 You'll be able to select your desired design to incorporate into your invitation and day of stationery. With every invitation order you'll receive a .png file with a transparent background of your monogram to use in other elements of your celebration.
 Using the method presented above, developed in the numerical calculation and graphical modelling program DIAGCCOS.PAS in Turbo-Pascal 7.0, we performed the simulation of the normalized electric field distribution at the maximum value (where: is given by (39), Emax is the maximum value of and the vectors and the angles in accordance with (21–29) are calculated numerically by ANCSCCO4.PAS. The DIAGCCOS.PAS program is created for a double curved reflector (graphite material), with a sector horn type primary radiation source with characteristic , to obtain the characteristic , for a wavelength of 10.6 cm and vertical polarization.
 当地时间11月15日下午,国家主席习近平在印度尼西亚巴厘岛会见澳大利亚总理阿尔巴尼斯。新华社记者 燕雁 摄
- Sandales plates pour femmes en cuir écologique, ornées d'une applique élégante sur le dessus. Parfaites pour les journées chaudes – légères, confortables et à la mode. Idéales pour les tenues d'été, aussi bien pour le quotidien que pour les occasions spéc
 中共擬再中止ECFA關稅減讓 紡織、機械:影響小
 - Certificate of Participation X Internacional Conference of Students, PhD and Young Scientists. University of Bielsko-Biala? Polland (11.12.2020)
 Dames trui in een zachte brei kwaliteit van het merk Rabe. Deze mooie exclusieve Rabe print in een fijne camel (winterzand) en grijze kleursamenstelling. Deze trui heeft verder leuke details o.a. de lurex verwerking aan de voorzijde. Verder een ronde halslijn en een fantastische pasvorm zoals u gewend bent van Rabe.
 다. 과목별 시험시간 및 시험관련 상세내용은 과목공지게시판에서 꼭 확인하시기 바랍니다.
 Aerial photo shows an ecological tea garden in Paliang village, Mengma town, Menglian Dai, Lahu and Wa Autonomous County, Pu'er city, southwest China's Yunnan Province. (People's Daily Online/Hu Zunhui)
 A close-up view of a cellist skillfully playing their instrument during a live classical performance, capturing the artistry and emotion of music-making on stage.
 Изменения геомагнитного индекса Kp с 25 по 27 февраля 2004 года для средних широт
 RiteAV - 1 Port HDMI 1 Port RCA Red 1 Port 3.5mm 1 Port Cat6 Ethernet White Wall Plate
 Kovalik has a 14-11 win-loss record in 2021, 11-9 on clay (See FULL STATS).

§ **Task instructions**: Beginning at the top of the entries above, output each line exactly, and end with the line in which "다. 과목별 시험시간" appears.

§ **The answer**:
 You'll be able to select your desired design to incorporate into your invitation and day of stationery. With every invitation order you'll receive a .png file with a transparent background of your monogram to use in other elements of your celebration.
 Using the method presented above, developed in the numerical calculation and graphical modelling program DIAGCCOS.PAS in Turbo-Pascal 7.0, we performed the simulation of the normalized electric field distribution at the maximum value (where: is given by (39), Emax is the maximum value of and the vectors and the angles in accordance with (21–29) are calculated numerically by ANCSCCO4.PAS. The DIAGCCOS.PAS program is created for a double curved reflector (graphite material), with a sector horn type primary radiation source with characteristic , to obtain the characteristic , for a wavelength of 10.6 cm and vertical polarization.
 当地时间11月15日下午,国家主席习近平在印度尼西亚巴厘岛会见澳大利亚总理阿尔巴尼斯。新华社记者 燕雁 摄
- Sandales plates pour femmes en cuir écologique, ornées d'une applique élégante sur le dessus. Parfaites pour les journées chaudes – légères, confortables et à la mode. Idéales pour les tenues d'été, aussi bien pour le quotidien que pour les occasions spéc
 中共擬再中止ECFA關稅減讓 紡織、機械:影響小
 - Certificate of Participation X Internacional Conference of Students, PhD and Young Scientists. University of Bielsko-Biala? Polland (11.12.2020)
 Dames trui in een zachte brei kwaliteit van het merk Rabe. Deze mooie exclusieve Rabe print in een fijne camel (winterzand) en grijze kleursamenstelling. Deze trui heeft verder leuke details o.a. de lurex verwerking aan de voorzijde. Verder een ronde halslijn en een fantastische pasvorm zoals u gewend bent van Rabe.
 다. 과목별 시험시간 및 시험관련 상세내용은 과목공지게시판에서 꼭 확인하시기 바랍니다.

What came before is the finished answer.